**Task objective:**
Nothing but the lines from the one including "Saint-Exupéry – 2024" through the last line of the entries, restated exactly, should appear in the answer; omit the pictures.

+++

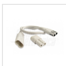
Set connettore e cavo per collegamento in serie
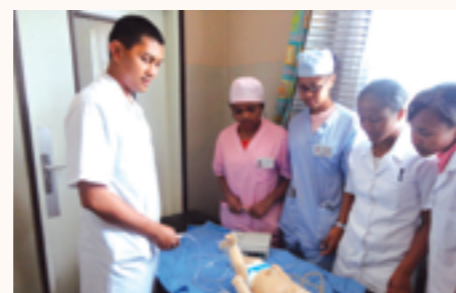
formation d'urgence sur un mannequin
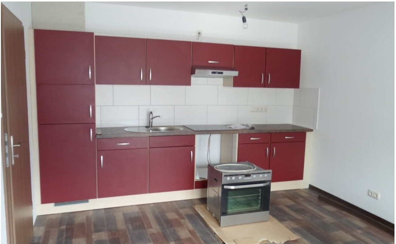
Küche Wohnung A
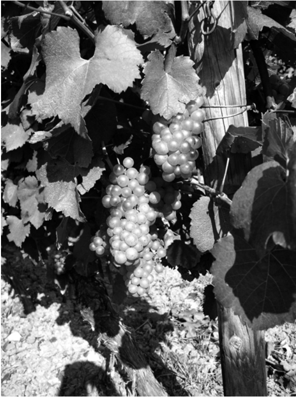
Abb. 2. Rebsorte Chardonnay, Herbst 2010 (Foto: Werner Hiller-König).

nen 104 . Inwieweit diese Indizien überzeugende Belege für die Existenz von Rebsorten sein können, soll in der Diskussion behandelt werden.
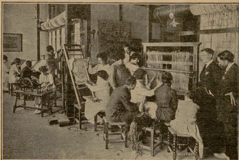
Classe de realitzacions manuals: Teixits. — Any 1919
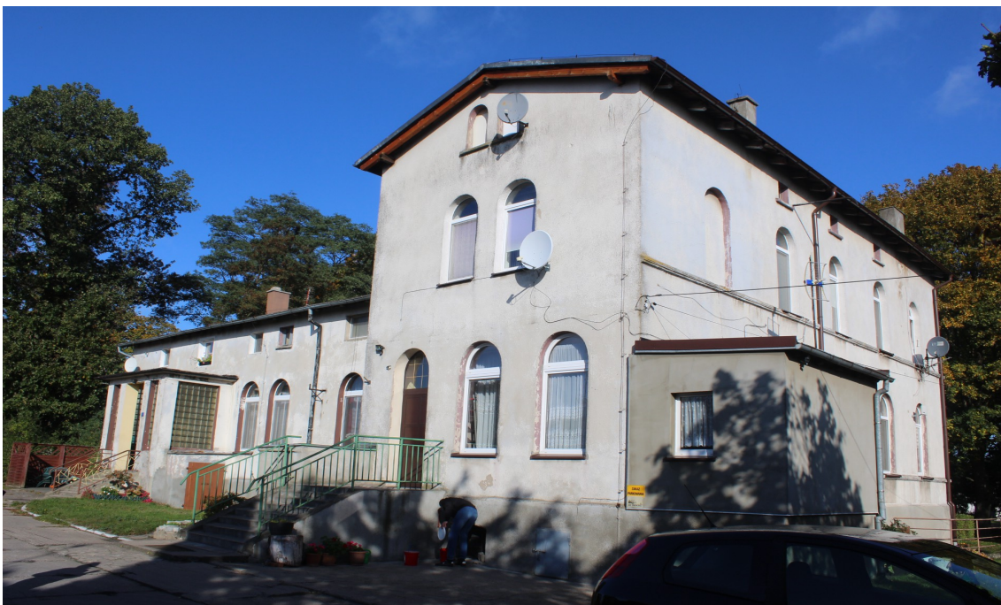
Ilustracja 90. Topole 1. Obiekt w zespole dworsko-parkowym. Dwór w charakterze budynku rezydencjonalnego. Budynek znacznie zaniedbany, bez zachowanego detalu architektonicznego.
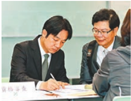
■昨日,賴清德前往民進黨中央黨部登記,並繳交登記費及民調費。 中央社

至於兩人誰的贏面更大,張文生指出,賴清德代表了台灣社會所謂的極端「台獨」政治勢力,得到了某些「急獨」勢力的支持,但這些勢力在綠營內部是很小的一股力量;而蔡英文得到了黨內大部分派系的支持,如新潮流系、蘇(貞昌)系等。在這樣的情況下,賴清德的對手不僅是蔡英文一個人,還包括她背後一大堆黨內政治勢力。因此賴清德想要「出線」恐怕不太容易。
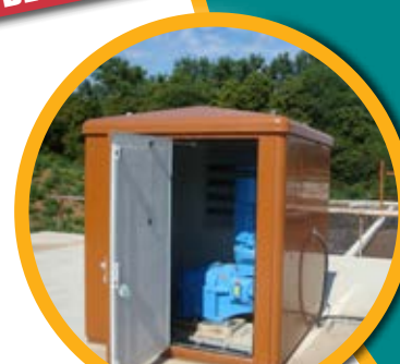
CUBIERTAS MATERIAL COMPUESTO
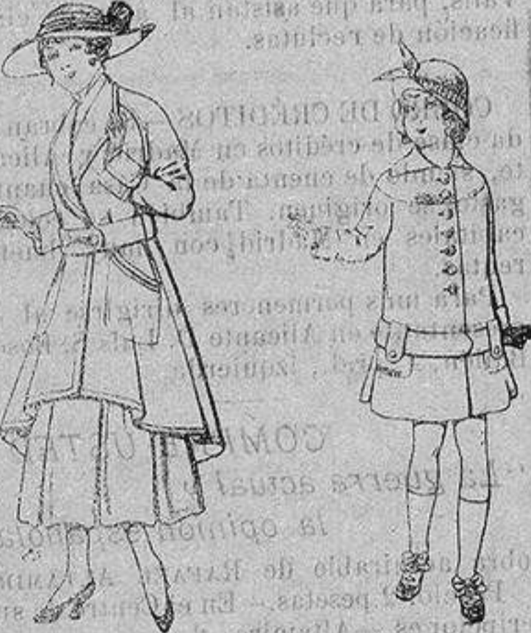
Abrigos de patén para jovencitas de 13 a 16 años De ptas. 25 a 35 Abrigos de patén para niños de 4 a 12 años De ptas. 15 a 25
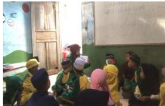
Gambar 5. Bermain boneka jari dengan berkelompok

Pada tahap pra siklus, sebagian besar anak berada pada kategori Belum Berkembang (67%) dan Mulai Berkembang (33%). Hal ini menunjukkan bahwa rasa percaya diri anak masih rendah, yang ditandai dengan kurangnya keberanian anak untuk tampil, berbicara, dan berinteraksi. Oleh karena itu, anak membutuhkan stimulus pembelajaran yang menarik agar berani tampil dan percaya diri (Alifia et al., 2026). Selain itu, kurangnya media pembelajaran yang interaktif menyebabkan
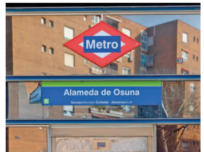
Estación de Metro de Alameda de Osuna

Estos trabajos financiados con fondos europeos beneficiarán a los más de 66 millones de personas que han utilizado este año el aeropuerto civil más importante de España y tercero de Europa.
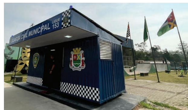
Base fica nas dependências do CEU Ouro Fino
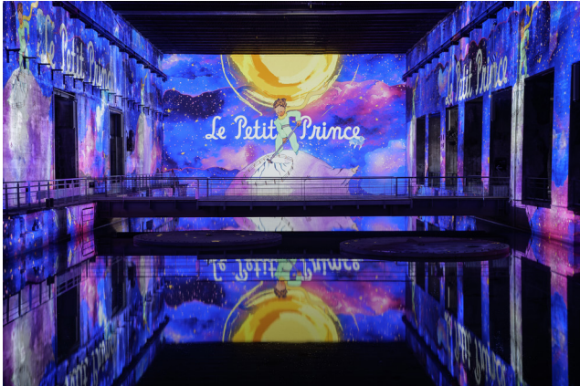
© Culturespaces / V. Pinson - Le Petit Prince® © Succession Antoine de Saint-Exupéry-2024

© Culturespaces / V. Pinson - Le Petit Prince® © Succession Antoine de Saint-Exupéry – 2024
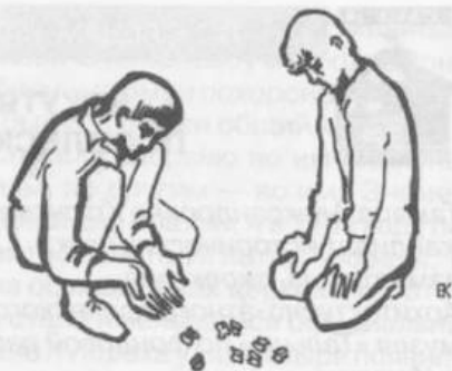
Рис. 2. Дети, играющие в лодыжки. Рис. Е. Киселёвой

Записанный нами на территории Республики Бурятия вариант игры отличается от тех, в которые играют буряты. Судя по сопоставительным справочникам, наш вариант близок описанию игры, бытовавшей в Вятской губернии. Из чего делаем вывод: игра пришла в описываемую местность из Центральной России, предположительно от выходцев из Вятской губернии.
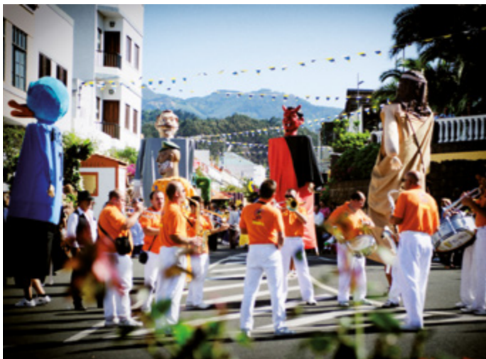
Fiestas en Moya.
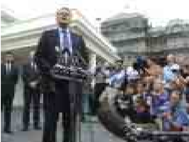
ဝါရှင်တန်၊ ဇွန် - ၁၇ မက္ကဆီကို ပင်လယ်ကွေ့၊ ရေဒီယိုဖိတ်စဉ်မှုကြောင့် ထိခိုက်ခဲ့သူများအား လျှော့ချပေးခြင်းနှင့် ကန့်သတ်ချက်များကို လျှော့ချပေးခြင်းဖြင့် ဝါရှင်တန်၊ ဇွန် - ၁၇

+++

**Task output:**
© Culturespaces / V. Pinson - Le Petit Prince® © Succession Antoine de Saint-Exupéry – 2024
Рис. 2. Дети, играющие в лодыжки. Рис. Е. Киселёвой

Записанный нами на территории Республики Бурятия вариант игры отличается от тех, в которые играют буряты. Судя по сопоставительным справочникам, наш вариант близок описанию игры, бытовавшей в Вятской губернии. Из чего делаем вывод: игра пришла в описываемую местность из Центральной России, предположительно от выходцев из Вятской губернии.
Fiestas en Moya.
ဝါရှင်တန်၊ ဇွန် - ၁၇ မက္ကဆီကို ပင်လယ်ကွေ့၊ ရေဒီယိုဖိတ်စဉ်မှုကြောင့် ထိခိုက်ခဲ့သူများအား လျှော့ချပေးခြင်းနှင့် ကန့်သတ်ချက်များကို လျှော့ချပေးခြင်းဖြင့် ဝါရှင်တန်၊ ဇွန် - ၁၇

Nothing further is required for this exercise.